By the MYNA Team | May 2026 | 4 min read
Patient advocacy rarely begins in calm circumstances. More often, it begins when a diagnosis raises more questions than answers, when the healthcare system feels difficult to navigate, or when families are faced with important decisions without a clear path forward.
In those moments, trust matters. In a profession as diverse as patient advocacy, credentials are one way that trust becomes more visible.
What PACB and BCPA mean
The Patient Advocate Certification Board (PACB) is the US independent organization that establishes professional standards for Board Certified Patient Advocates (BCPAs).
The BCPA is a professional credential awarded to advocates who have demonstrated knowledge, competency, and a commitment to ethical practice through education, examination, and ongoing professional development.
It is important to understand what the credential does and does not represent.
The BCPA is not a clinical credential and does not authorize medical practice or the provision of medical advice. Instead, it recognizes competency in patient advocacy as a distinct profession focused on supporting patients and families, navigating healthcare systems, strengthening communication, and supporting informed decision making alongside the healthcare team.
Why credentials matter
Patient advocacy has grown through many different professional pathways, including healthcare, nursing, social work, case management, caregiving, administration, and lived experience. That diversity is one of the profession's strengths because it brings different perspectives to supporting patients and families.
It also means that training, experience, and approaches can vary considerably.
Credentials like the BCPA help establish a shared professional standard. They demonstrate that an advocate has met recognized expectations for competency, ethics, and continuing professional development. They also reinforce the advocate's responsibility to work independently and always in the best interests of the patient.

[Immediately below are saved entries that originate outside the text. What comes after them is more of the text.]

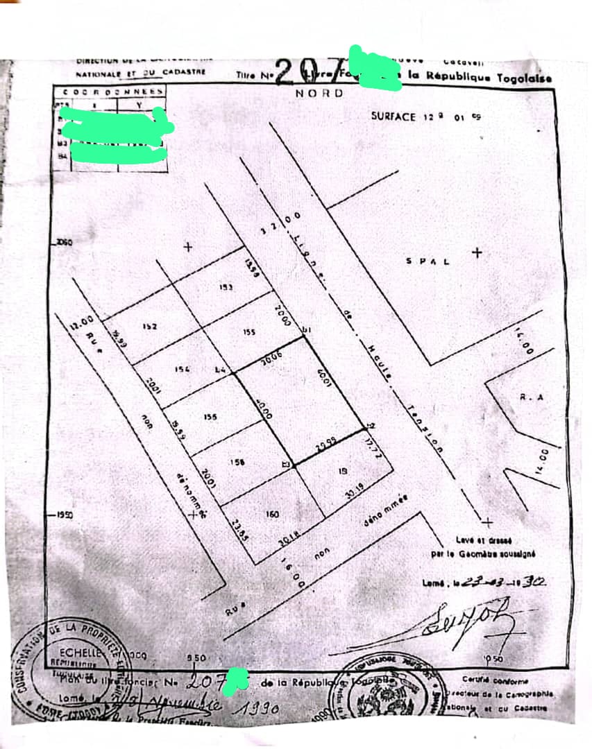 Baguida-AfanoukopéTerrain 2 lots collés cloturés avec titre foncier ... ( soit 1200m2 ) Très bien situés en plein centre ville... tout proche du Siège de BATIR et face à une rue de 20m....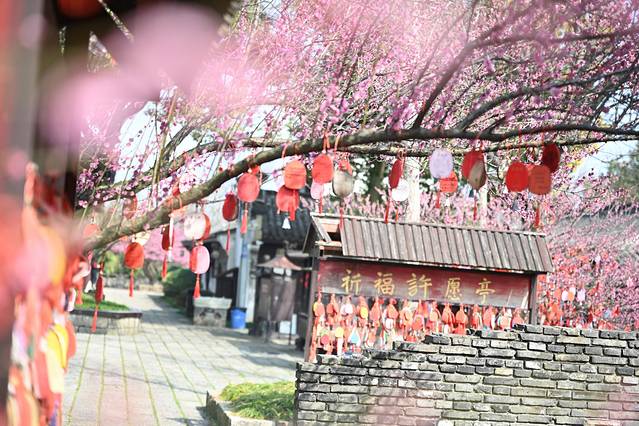 像许多古镇一样,梅花洲的建筑全都枕河而建,五瓣陆地藉桥梁通行往来,很有江南特色。可以沿街走走,逛逛路边的宅子,悠闲惬意。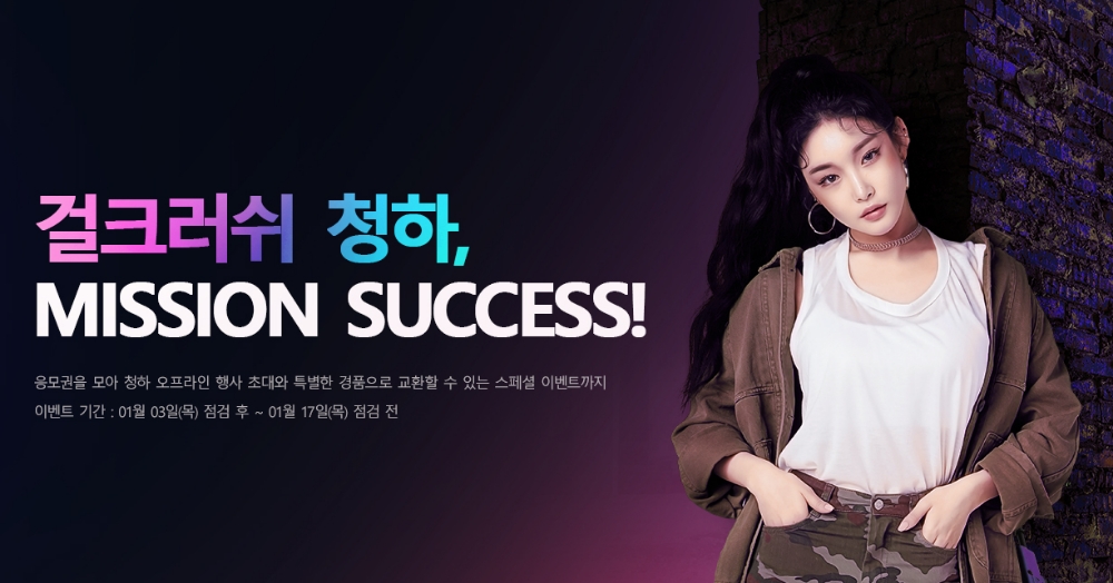 카리스마 넘치는 안무와 귀여운 매력으로 사랑 받고 있는 청하 캐릭터는 ‘걸크러쉬 폭발 댄스’ ‘애교 청하’ ‘도발 청하’ 등의 감정 표현 3종과 함께 실제 음성 효과를 지원한다. 또한, 캐릭터 사용 시 경험치 20% 증가 등 추가 기능을 갖는다.

What the BCPA looks like in practice
For patients and families, the value of the credential is often seen in everyday interactions rather than in the certification itself.
It can be seen in helping families prepare for important conversations with their healthcare team. It can be seen in supporting communication when care involves multiple providers. It can be seen in helping patients organize information, compare options without becoming overwhelmed, and remain focused on the decisions that matter most to them.
Most importantly, it can be seen in how advocates support people without directing their medical decisions. Patient advocates do not provide medical or legal advice, diagnose medical conditions, or replace clinicians. Their role is to provide independent, professional support that helps patients participate more confidently in decisions about their care.
Why MYNA aligns with the BCPA standard
At MYNA, we believe patient advocacy should be both person centered and professionally grounded.
Our alignment with the BCPA credential reflects our commitment to recognized professional standards, ethical practice, continuing education, and independent patient advocacy. These principles are not simply credentials on paper. They guide how we support every patient and family we work with.
A final thought
Credentials alone do not define the value of a patient advocate. Compassion, judgment, communication, and presence remain essential.
But in a complex healthcare environment, professional standards like the BCPA provide something equally important: confidence that advocacy is grounded in recognized competencies, ethical practice, and accountability.